Okay.  In fact, it's kind of an interesting point, you know.  As we were learning about the heliocentric versus a geocentric model, this is one of the things that people look to say, “Well, hey, if we can observe a parallax of a star, then we know that the earth must orbit the sun,” because then we know that the Earth has moved in space.  But they couldn't observe parallax because they didn't really have telescopes and equipment.  Like they didn't have the detectors. They didn't have the telescope big enough to be able to resolve this tiny shift in the position of the star.  So they say, well, we can't see parallax.  So either the stars are really far away, or the earth is sitting still.  So some people saw this as evidence for a geocentric model.  But now that we have observed stellar parallax, there's no question that the Earth is orbiting the Sun.

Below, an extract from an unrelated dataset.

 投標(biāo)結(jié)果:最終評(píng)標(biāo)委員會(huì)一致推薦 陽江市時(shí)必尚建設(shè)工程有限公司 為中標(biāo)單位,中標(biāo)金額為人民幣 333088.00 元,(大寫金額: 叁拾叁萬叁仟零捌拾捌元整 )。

Okay, so parallax is the starting point, we can use that for the closest stars to us, the stars that are roughly within 100 parsecs or 300 light years.  Those stars are close enough that we can actually observe that little shift and we can measure the distance directly.  It's one of the best ways to measure distances in the sky.  In fact, there's a lot of stars that are within about 100 parsecs. There's something like 20,000 stars that are that close to us.  So we can directly measure the distance to those 20,000 stars. 


Now, what about stars that are further away?  We want to measure the distance to all sorts of things.  How can we do that?  Well, that brings us to the fourth picture in our gallery, which is a really important concept called the inverse square law of light. The idea here is that if you have a light bulb, and you're right up against it, it's going to look really bright to your eyes.  But as you get further and further away, it's going to look fainter and fainter.  It looks fainter, though according to a very precise mathematical relationship, which is it gets fainter by the distance that you are away from it, squared. So if you go twice as far away, it will be two squared – four – four times fainter.  If you were to go five times further away, it'll get 25 times fainter. 

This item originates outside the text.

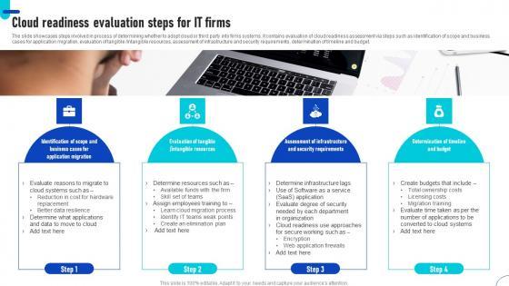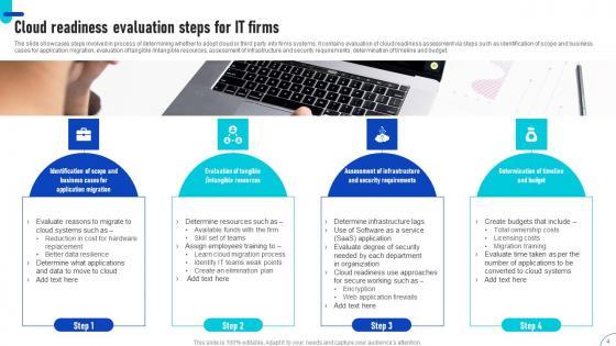 The slide showcases steps involved in process of determining whether to adopt cloud or third party into firms systems. It contains evaluation of cloud readiness assessment via steps such as identification of scope and business cases for application migration, evaluation of tangible intangible resources, assessment of infrastructure and security requirements, determination of timeline and budget. Pitch your topic with ease and precision using this Cloud Readiness Evaluation Steps For IT Firms Ppt Outline Files Pdf. This layout presents information on Determine Resources, Assign Employees Training, Determine Applications. It is also available for immediate download and adjustment. So, changes can be made in the color, design, graphics or any other component to create a unique layout. The slide showcases steps involved in process of determining whether to adopt cloud or third party into firms systems. It contains evaluation of cloud readiness assessment via steps such as identification of scope and business cases for application migration, evaluation of tangible intangible resources, assessment of infrastructure and security requirements, determination of timeline and budget.

Alright, so, depending now, here's the key.  We talked about how important astronomical detectors were, cameras and photographic film, because they can measure brightness, they can capture that information that photometry.  So if we can measure the brightness of stars in the sky,

and if we know how bright that star really is, like, we have some way of measuring its actual brightness… if I were standing right there, how bright would it be?  And we give that a word, we call that the luminosity of the star.


So if you know the luminosity of the star, and you know how bright it looks in your sky, well, then you can calculate, you say, “Well it looks like 1000 times fainter than its luminosity.  So it must be this distance away.”  You can calculate that.  So this allows us to calculate the distance to objects that are much further away.  And we'll see that this concept, the inverse square law of light, is going to come up again and again, as we talk about measuring distances out into space.


Okay, cool. So, if we take these distance measurements, and we look back at a constellation like Orion, then you get a diagram like the fifth picture in our gallery, which is from our perspective on Earth, you know, we see the sky as a flat dome above us.  And so the Orion constellation, for example, looks like this thing that's on the flat dome.  But in reality, the stars are all very different distances away.  In fact, they're totally unrelated to each other.  And so measuring distance allows us to get that third dimension in outer space, and allows us to start to build a bigger, better model of what outer space looks like, like truly.  And we can extend that further out, eventually to galaxies and our entire universe as you try to get a real clear picture of what this universe really looks like.